Positive-Unlabeled (PU) learning, a challenging paradigm for training binary classifiers from only positive and unlabeled samples, is fundamental to many applications. While numerous PU learning methods have been proposed, the research is systematically hindered by the lack of a standardized and comprehensive benchmark for rigorous evaluation. Inconsistent data generation, disparate experimental settings, and divergent metrics have led to irreproducible findings and unsubstantiated performance claims. To address this foundational challenge, we introduce \textbf{PU-Bench}, the first unified open-source benchmark for PU learning.
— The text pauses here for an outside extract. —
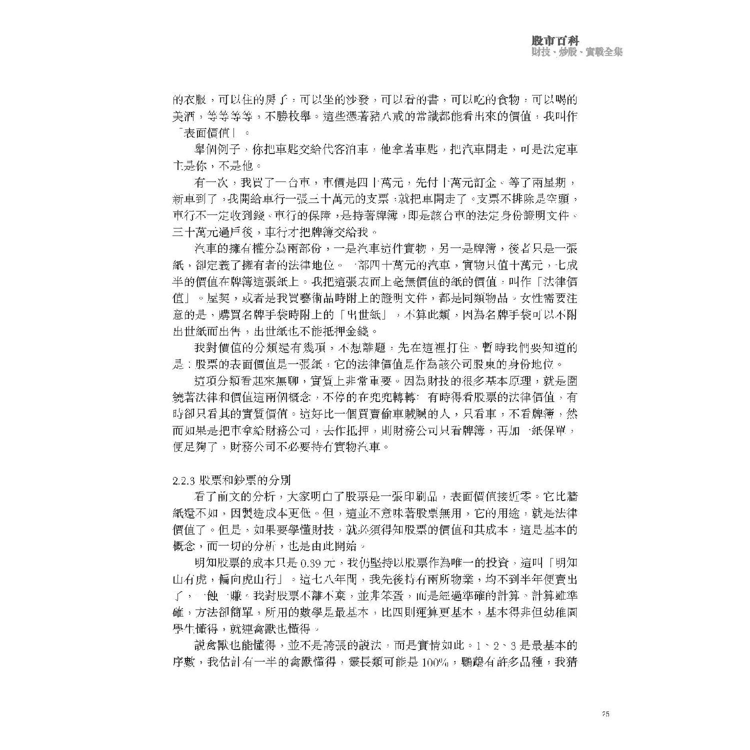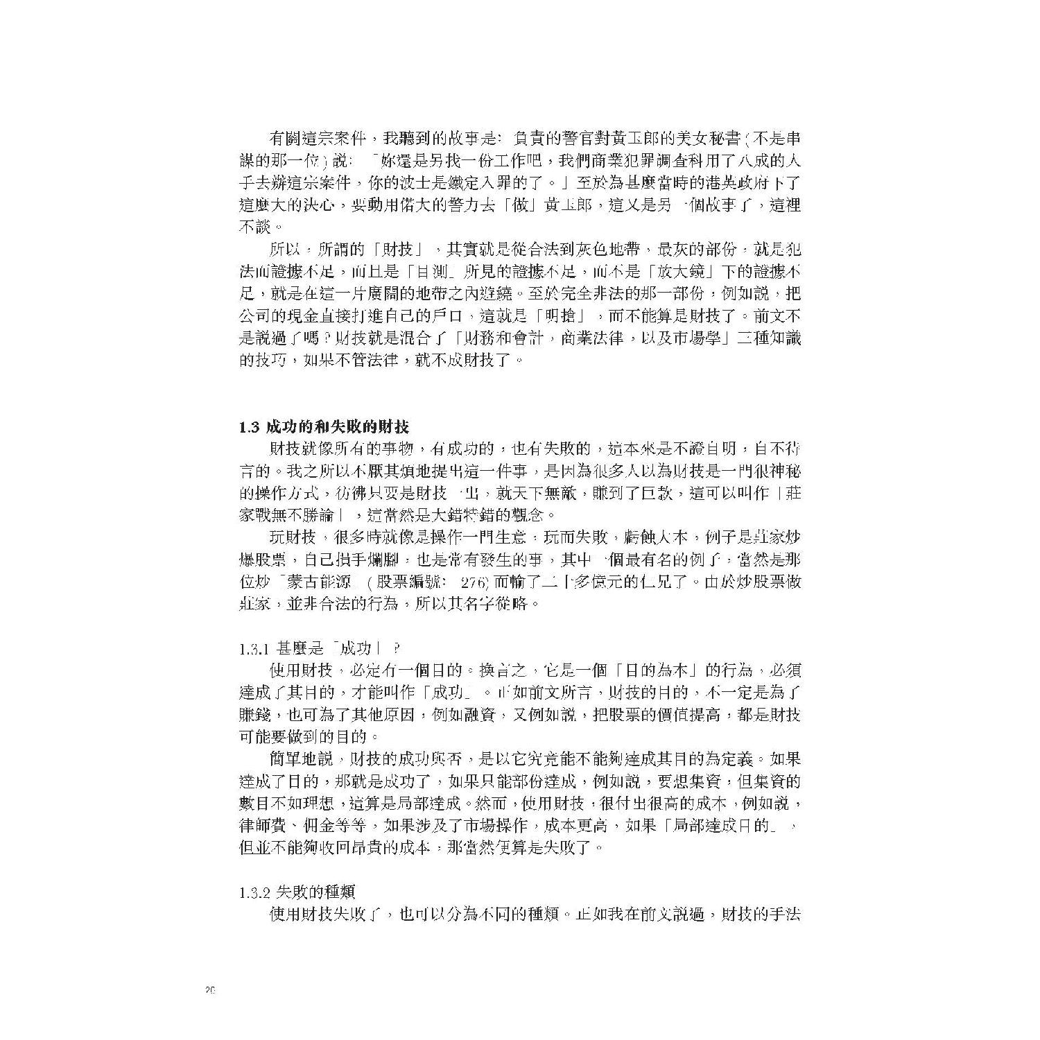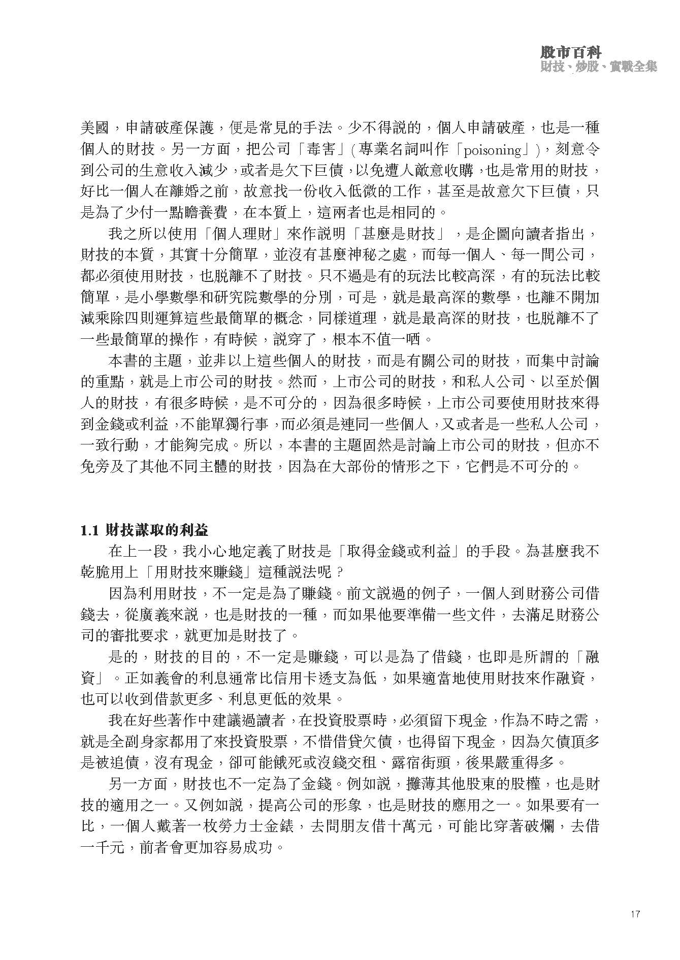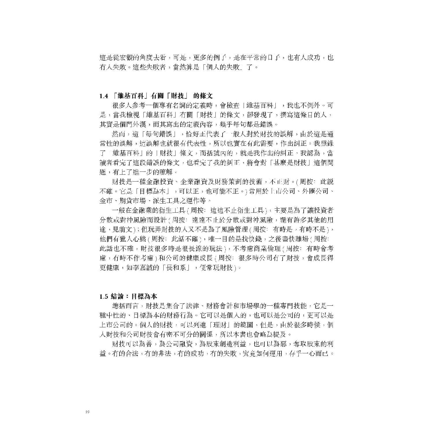 「財技炒股法」是古已有之的炒股形式,多少年來,一直被股市中人應用。本書是第一本把這個行內「秘密」整理寫成的專書,內容兼收並蓄,廣集各家的知識,成一家之言。內文的例子,有新有舊,層層累積,舊的個案,事雖不再新鮮,但基於例子只是用來說明理論,其是新抑或是舊,非但無傷大雅,反而更可令讀者警惕:「哦,原來以前曾經用過這一招,以後可要小心了。」

PU-Bench provides: 1) a unified data generation pipeline to ensure consistent input across configurable sampling schemes, label ratios and labeling mechanisms ; 2) an integrated framework of 16 state-of-the-art PU methods; and 3) standardized protocols for reproducible assessment. Through a large-scale empirical study on 8 diverse datasets (\textbf{2,560 }evaluations in total), PU-Bench reveals a complex while intuitional performance landscape, uncovering critical trade-offs between effectiveness and efficiency, and those of robustness and label frequency and selection bias. It is anticipated to serve as a foundational resource to catalyze reproducible, rigorous, and impactful research in the PU learning community.

Abstract:

Disclaimer

This report is AI-GENERATED using Large Language Models and WisPaper (A scholar search engine). It analyzes academic papers' tasks and contributions against retrieved prior work. While this system identifies POTENTIAL overlaps and novel directions, ITS COVERAGE IS NOT EXHAUSTIVE AND JUDGMENTS ARE APPROXIMATE. These results are intended to assist human reviewers and SHOULD NOT be relied upon as a definitive verdict on novelty.
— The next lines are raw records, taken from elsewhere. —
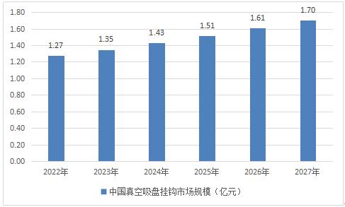 预测真空吸盘挂钩行业未来以6%的增速增长,预测2022年真空吸盘挂钩市场规模为1.27亿元,2027年市场规模为1.7亿元。
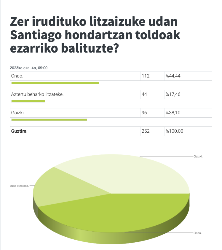 Baleike.eus-ek galdera berria jarri du inkestan: Zer urte sasoi gustatzen zaizu gehien? Eman botoa honako lotura honetan. Aurreko inkestan, Santiago hondartzako toldoen ingurukoan, 252 lagunek eman dute boza.
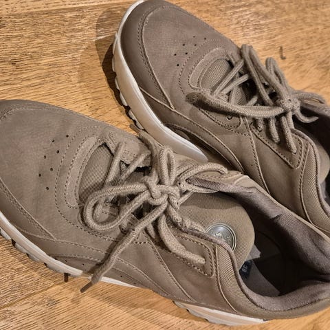 Svart semsket skinn og beige såle. Egnet for daglig bruk.
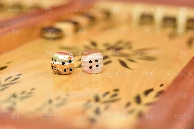 Белые кости на доске для игры в нарды. Концепция победы и домашних игр
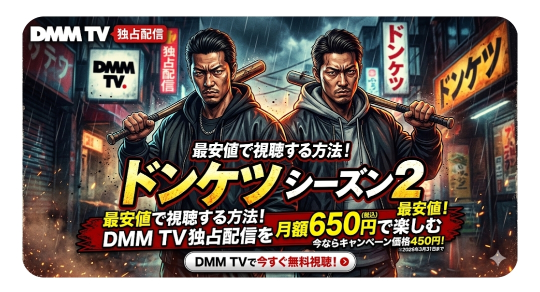 いかがでしたでしょうか。『ドンケツ シーズン2』を視聴するには、DMM TV(DMMプレミアム)一択です。
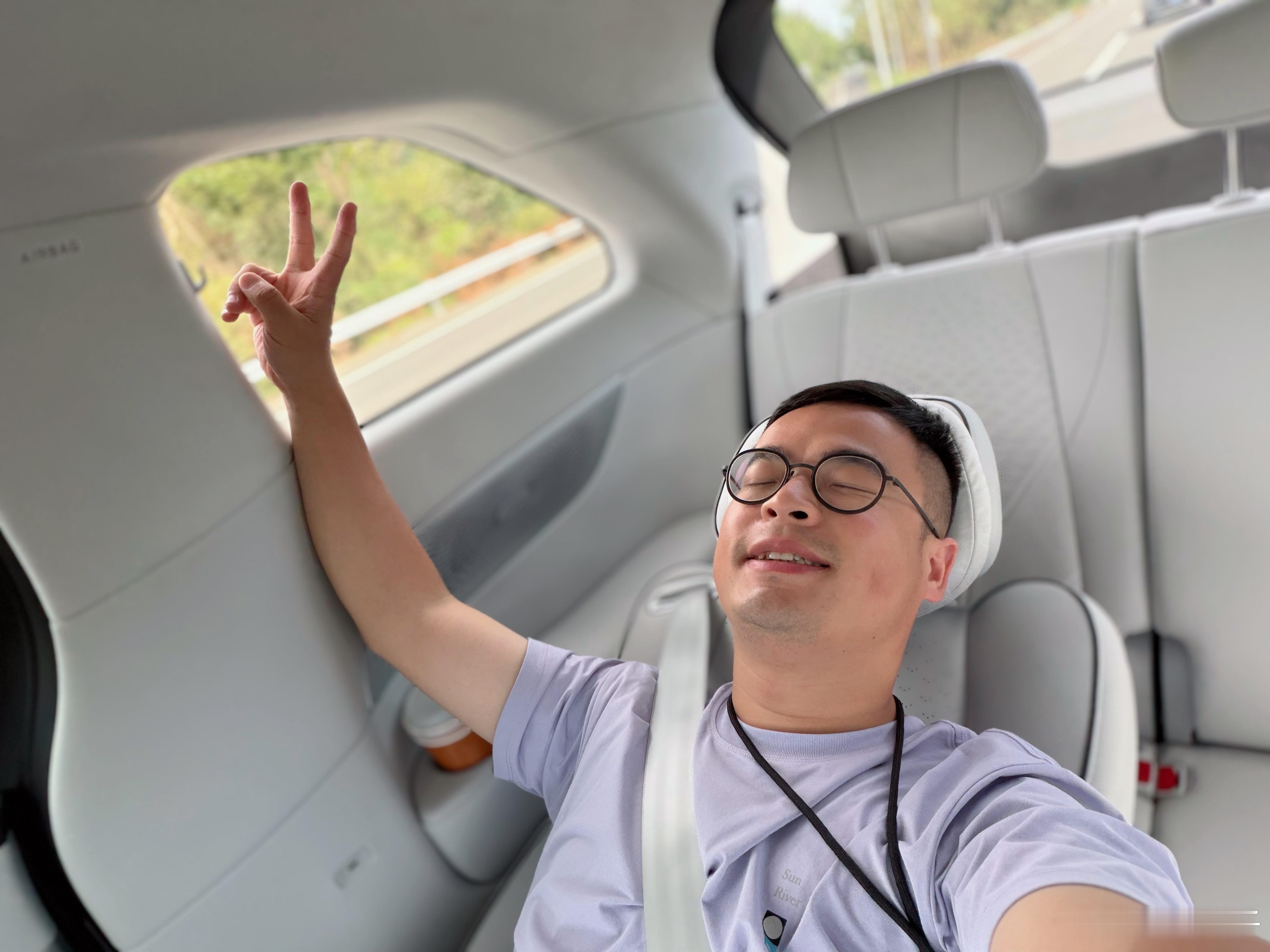 吃完了,在新X9的零重力座椅躺一会

NOTE that some papers exist in multiple, slightly different versions (e.g., with different titles or URLs). The system may retrieve several versions of the same underlying work. The current automated pipeline does not reliably align or distinguish these cases, so human reviewers will need to disambiguate them manually.
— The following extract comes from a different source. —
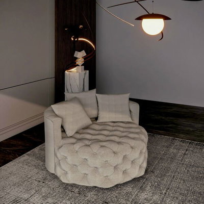 كرسي مودرن خشب سويدي، 120x120x70 سم، قماش مخمل - بيج
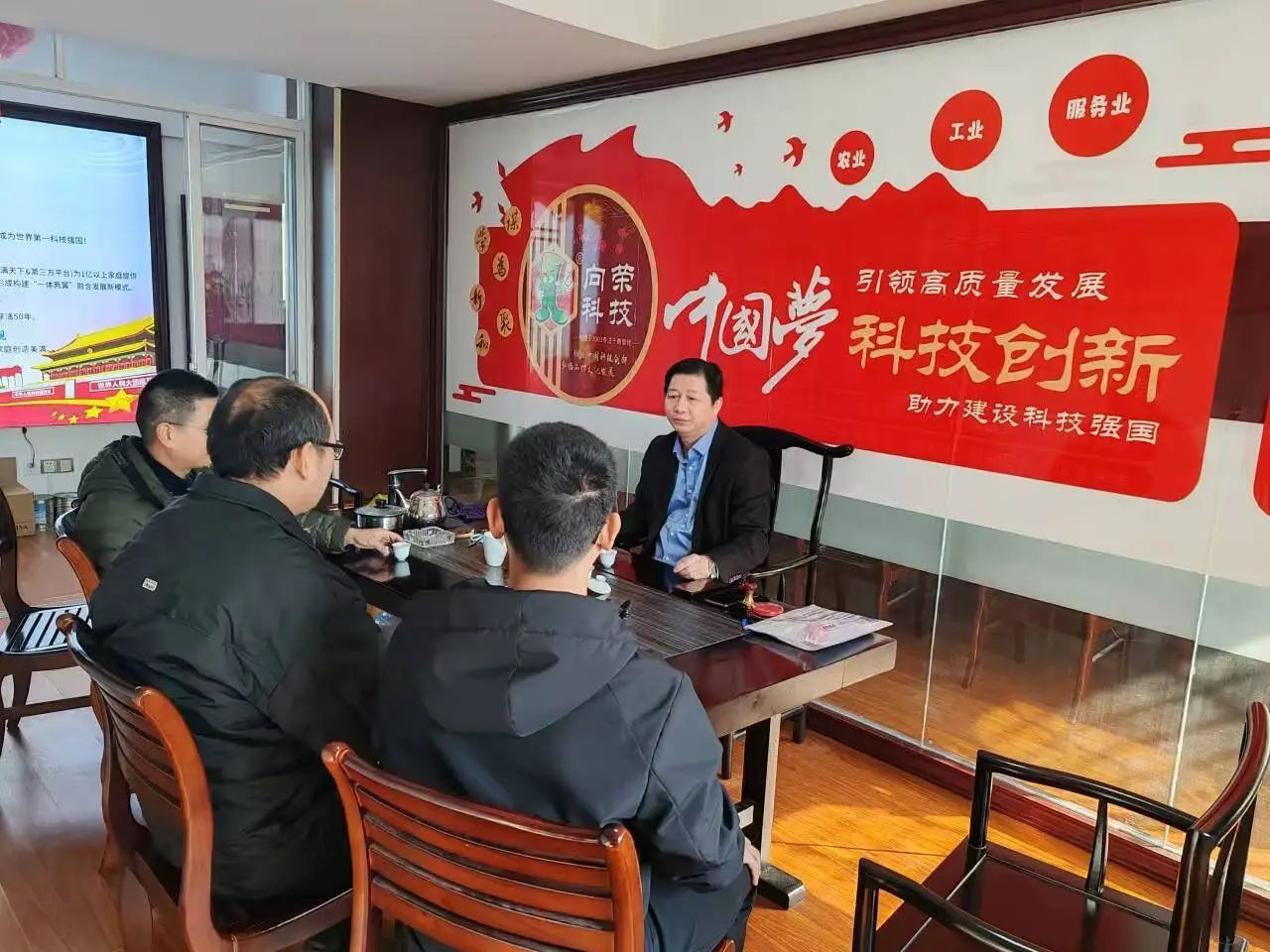 在漳州向荣信息科技股份有限公司,林海泽总经理系统介绍了公司的目标定位、业务范围、技术优势、人才队伍建设等方面。黄韩亮详细介绍了学院的发展历程和永利集团情况。随后,双方就学生实习就业、产学研融合发展等方面进行了深入讨论。

If you have any questions, please contact: mingzhang23@m.fudan.edu.cn

Overview

Overall Novelty Assessment

The paper introduces PU-Bench, a unified benchmarking framework for positive-unlabeled learning that standardizes data generation, integrates sixteen state-of-the-art methods, and provides reproducible evaluation protocols. Within the taxonomy, it resides in the 'Theoretical Analysis and Comparative Studies' leaf under 'Core PU Learning Methodologies and Theoretical Frameworks,' alongside only one sibling paper (PU versus PN theoretical comparison). This leaf represents a sparse research direction focused on rigorous comparative analysis rather than novel algorithmic contributions, suggesting that systematic benchmarking efforts remain underexplored in the PU learning literature despite the proliferation of methods across other branches.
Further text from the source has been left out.